* _About this task_
Your copy should hold only the lines from the one with "Si se mira a" to the one with "जानकी फाइनान्सले डाक्यो", both included, each exactly as it stands below, with no pictures.

* _Task material_
^^^^
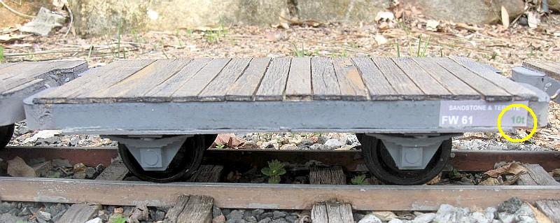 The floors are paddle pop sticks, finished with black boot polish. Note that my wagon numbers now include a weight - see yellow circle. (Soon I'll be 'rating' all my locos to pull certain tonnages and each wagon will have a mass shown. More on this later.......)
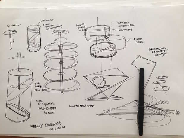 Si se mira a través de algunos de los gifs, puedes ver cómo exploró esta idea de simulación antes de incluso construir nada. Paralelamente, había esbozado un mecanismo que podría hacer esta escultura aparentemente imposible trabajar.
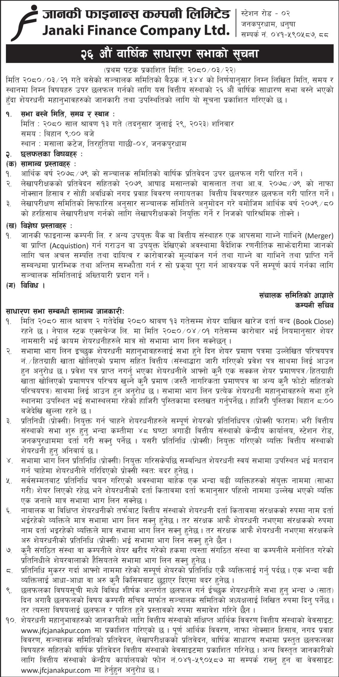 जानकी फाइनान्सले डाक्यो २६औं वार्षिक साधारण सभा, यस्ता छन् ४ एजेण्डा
^^^^
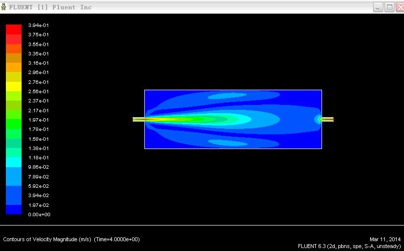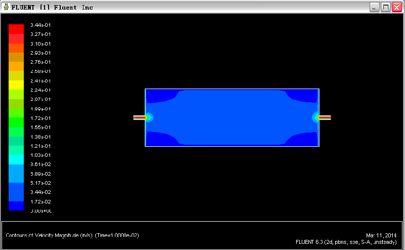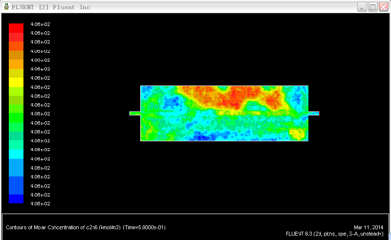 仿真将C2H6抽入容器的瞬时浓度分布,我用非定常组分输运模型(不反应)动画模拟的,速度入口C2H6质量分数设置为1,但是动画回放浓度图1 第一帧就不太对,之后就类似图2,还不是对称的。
^^^^
* _Response_
 Si se mira a través de algunos de los gifs, puedes ver cómo exploró esta idea de simulación antes de incluso construir nada. Paralelamente, había esbozado un mecanismo que podría hacer esta escultura aparentemente imposible trabajar.
 जानकी फाइनान्सले डाक्यो २६औं वार्षिक साधारण सभा, यस्ता छन् ४ एजेण्डा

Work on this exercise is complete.